Michel Tozzi : Diversifier les pratiques philosophiques. Éloge des temps longs
Chronique Sociale, 2024.
Recension par François Galichet, Philosophe
C’est un ouvrage singulier que nous propose Michel Tozzi. Singulier d’abord au sens propre : alors que ses précédents livres traitaient de questions générales – la philosophie avec les enfants, la didactique de la philosophie, la pensée critique, etc. – celui-ci parle d’abord de lui, de la personne qu’il est, lui et nulle autre. Mais il y a plusieurs manières de parler de soi.
Ce peut être d’abord une autobiographie, c’est-à-dire un récit subjectif de ce que l’on a vécu depuis l’enfance. Michel dit avoir « pensé quelquefois à des Mémoires » ; et il y a dans son livre des éléments qui vont dans ce sens, lorsqu’il raconte des événements de sa vie, ou la manière dont il a ressenti certains moments cruciaux de son existence, comme ses études lyonnaises, ses premières années d’enseignement en lycée, l’hostilité de l’inspection générale et de certains collègues à ses recherches sur la didactique de la philosophie, ou la manière dont il vit la retraite et le vieillissement. Mais ce n’est pas l’essentiel du livre.
Ce peut être aussi un catalogue, une somme : on recense tous les points positifs de sa vie comme on ferait l’inventaire d’un stock. Le livre donne un peu cette impression : c’est un recensement systématique (et impressionnant !), chapitre après chapitre, de toutes les activités initiées au fil des années : ateliers (d’écriture, de lecture filmique, de philosophie avec les adultes et les enfants) ; pratiques associatives (Université populaire, café-philo, séminaire philosophiques), aventures éditoriales (Cahiers pédagogiques, Diotime) ; carrière professionnelle (en Lycée puis en Université) et luttes syndicales. Mais cette description minutieuse – assortie de nombreux documents précieux et passionnants – n’est pas non plus l’essentiel.

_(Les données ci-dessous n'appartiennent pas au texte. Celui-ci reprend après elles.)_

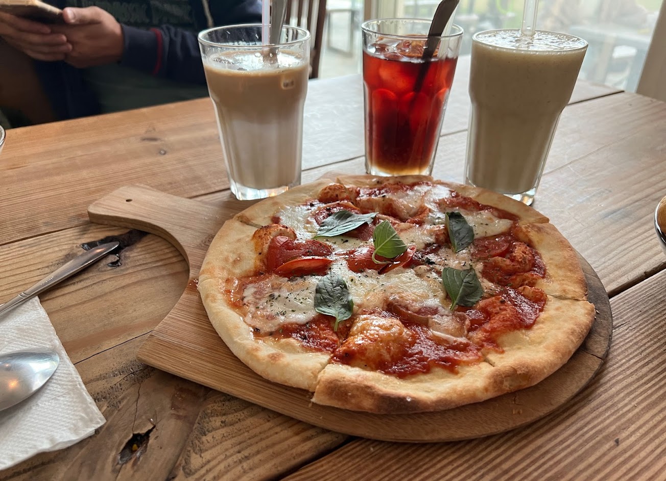鹹豬肉披薩好吃!蛋糕好吃!飲料也不錯!

Ce peut être une histoire, c’est-à-dire une description objective et explicative de l’enchaînement des événements, dépassant le simple récit subjectif. C’est effectivement à ce travail d’historien que se consacre Michel Tozzi quand il détaille le déroulement des recherches, expérimentations et innovations auxquelles il a contribué. De ce point de vue, son ouvrage est précieux : il permet d’avoir une vision précise des circonstances dans lesquelles ont été introduites et développées en France des pratiques comme les cafés philo, la philosophie pour enfants, les ateliers d’écriture, entre autres.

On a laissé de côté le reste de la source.